If we're going to use the descendants of polygamous relationships as a argument against polygamy, I think it falls apart pretty quickly.
Jacob took four wives, and for no particularly urgent reason. There is nothing in the Bible record about him to indicate God was displeased by his doing so.
Most obviously, our Lord and Savior (not Barack) could not have had the ancestry he did without polygamy. He was descended from David via two lines, by two different wives, with his legal (though not blood) relationship through the royal line via Bathsheba and Solomon, and his true blood relationship through another wife.
Kings in the Middle East had harems, at the time. That was just a fact of life, and the Israelite kings were no different.

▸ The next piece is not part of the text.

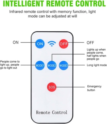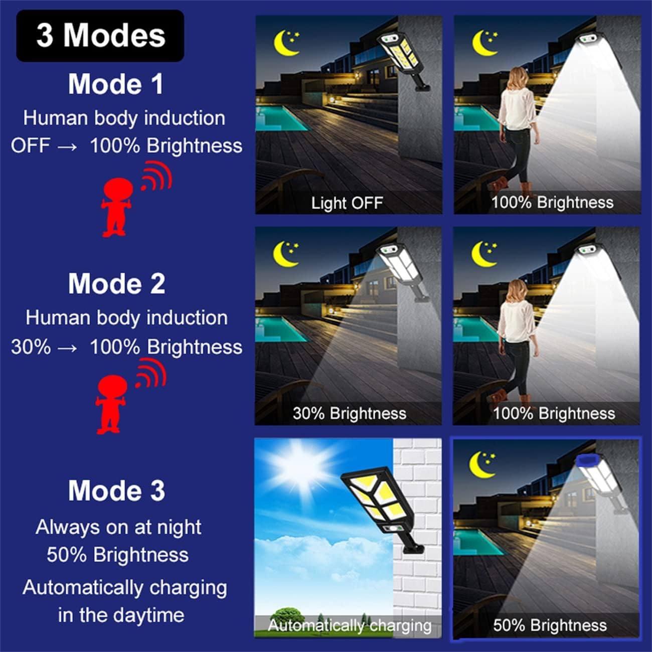 1. Mozgás érzékelésekor 100%-os világítás. A beépített fotocella segítségével a lámpa 100%-os fényerővel kapcsol be, amint széles spektrumú szögben mozgást érzékel. Ha ezután nincs mozgás, a lámpa körülbelül 20 másodperc múlva kikapcsol.

My reading of it is that Jacob wanted one of them (Rachel) in particular, was tricked by his father-in-law Laban into marrying her sister (Leah) first, then each wife, exercising sibling rivalry expressed by proxy childbearing, urged him to take her maidservant as another wife as a means of producing children.
Therefore the foundation of the twelve tribes of Israel was through deception and rivalry, yet despite this God still brought good out of it.
There is no discussion of polygamy I've read that doesn't involve rivalry and bickering among the multiple wives. Each wife gets less than a whole husband.
Left to his own devices, I'm not sure Jacob wouldn't have been satisfied with Rachel alone. Jacob's favorite children (Joseph and Benjamin) were her sons.
"Neither shall he multiply wives" was a commandment to Israel's king.
Christ Himself pointed back to Adam and Eve's union (monogamous) as the divine blueprint for marriage. Anything beyond that was due to man's "hardness of heart" provision for which was given in Mosaic law.